BATON ROUGE, La. (AP) — Republican Eddie Rispone says he’s disappointed at losing the Louisiana governor’s race but he’s thankful for his family and supporters and vowed to continue to work to improve the state.
Rispone spoke late Saturday in Baton Rouge after losing to the incumbent, Democrat John Bel Edwards.
He called on supporters to give a round of applause for President Donald Trump, noting that the president came down three times to the state to campaign.
Speaking of the president, Rispone said: “That man loves America and he loves Louisiana.”
CBS News noted that like other Republican gubernatorial candidates this year in Kentucky and Mississippi, Rispone leaned heavily on his Trump connection and touted himself as a conservative businessman outsider on the campaign trail on Friday.

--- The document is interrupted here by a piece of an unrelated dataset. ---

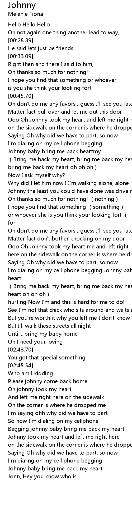 | [03:06.02] | Begging johnny baby bring me back my heart |

“The citizens of Louisiana, they are tired of being last. They really have wakened up and said we don’t have to be last,” Rispone said Friday in Shreveport during one of his final campaign stops before election day. “God has blessed this state with incredible natural resources, most of all our people, and it’s time for a change. We can be number one in the south when it comes to jobs and opportunity.” Voters in attendance told CBS News there was appeal in a businessman running the state government.
Edwards ended up with a roughly one percent win over Rispone. Unofficial results from Louisiana’s secretary of state show a turnout of 1.4 million, about 39 percent of the state’s 3.56 million voting age population, according to the Federal Register.
At his concession speech, Rispone said he was disappointed and thanked his supporters, as well as Mr. Trump.